Lineage

Applies from release 2022.3

Lineage is data about the origin of data. Lineage data documents how target data objects are created from source data objects. Lineage functionality has long been a feature of Alation’s data catalog, with three distinct phases known as Lineage V1, Lineage V2, and Lineage V3. Lineage V1 consisted solely of table-level lineage and was superseded by Lineage V2, and therefore will not be discussed further.

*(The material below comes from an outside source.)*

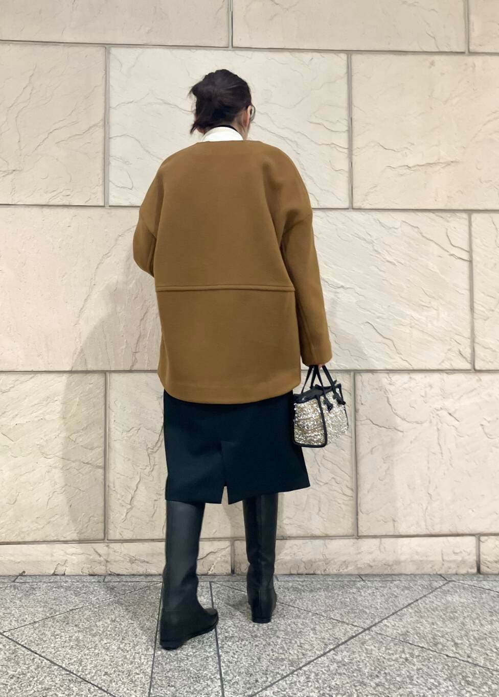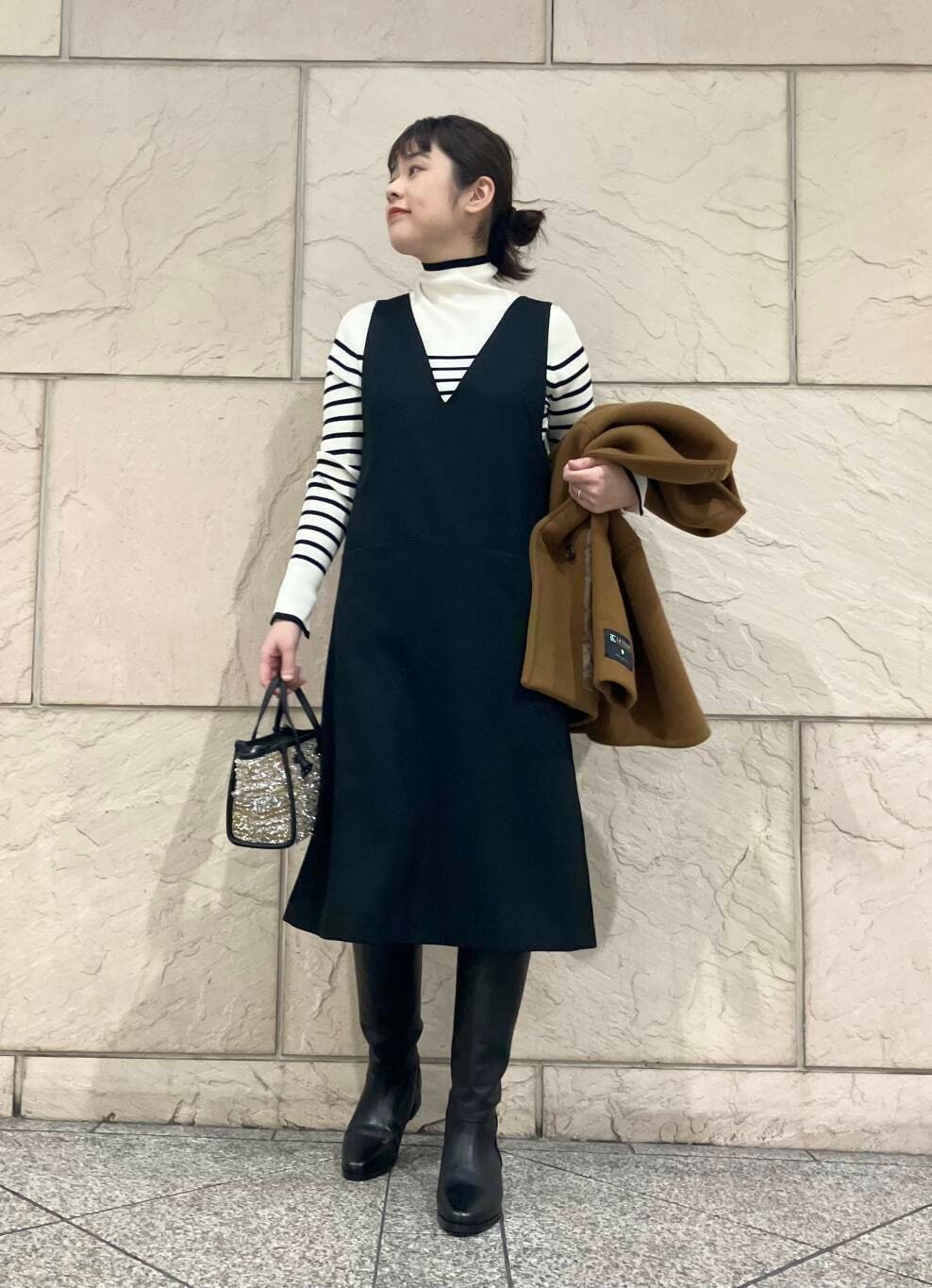 ジャンパーワンピースは38サイズでロングブーツを合わせてちょうどいい丈です◎

Alation automatically calculates lineage using metadata sourced from metadata extraction (MDE), query log ingestion (QLI), Compose queries, and the data posted over the Alation public APIs. Starting with Lineage V3, lineage can also be created manually. Lineage is visually represented as a diagram on the Lineage tab of a data source.

Lineage V2

Lineage V2 was introduced in Release V R6 (5.10.x). Lineage V2 is enabled by default from release 2021.2. In earlier releases, V R6 (5.10.x) to 2021.1, Lineage V2 could be enabled explicitly by an admin by setting a dedicated feature flag. This feature cannot be disabled.

Note

See Enabling Lineage V2 for information on how to enable Lineage V2 in releases V R6 to 2021.1

Lineage V2 adds column-level lineage to the existing table-level lineage. Table-level lineage data is calculated by the system automatically or can be added by an admin using the Lineage API. Column-level lineage data can be added over the API only. The level of detail in automatically generated table lineage depends on the volume of metadata available in the catalog for processing.

../../_images/Lin16.png

Lineage V2 also adds the object type Dataflow that can be used to document:

  • ETL processes

  • stored procedures

  • SQL queries

  • scripts that produce target data from source data

Lineage V3

Lineage V3, or the lineage service, introduced in Version 2021.4, is a microservice operating inside the Alation server. It is responsible for the creation, storage, and retrieval of lineage data into the catalog.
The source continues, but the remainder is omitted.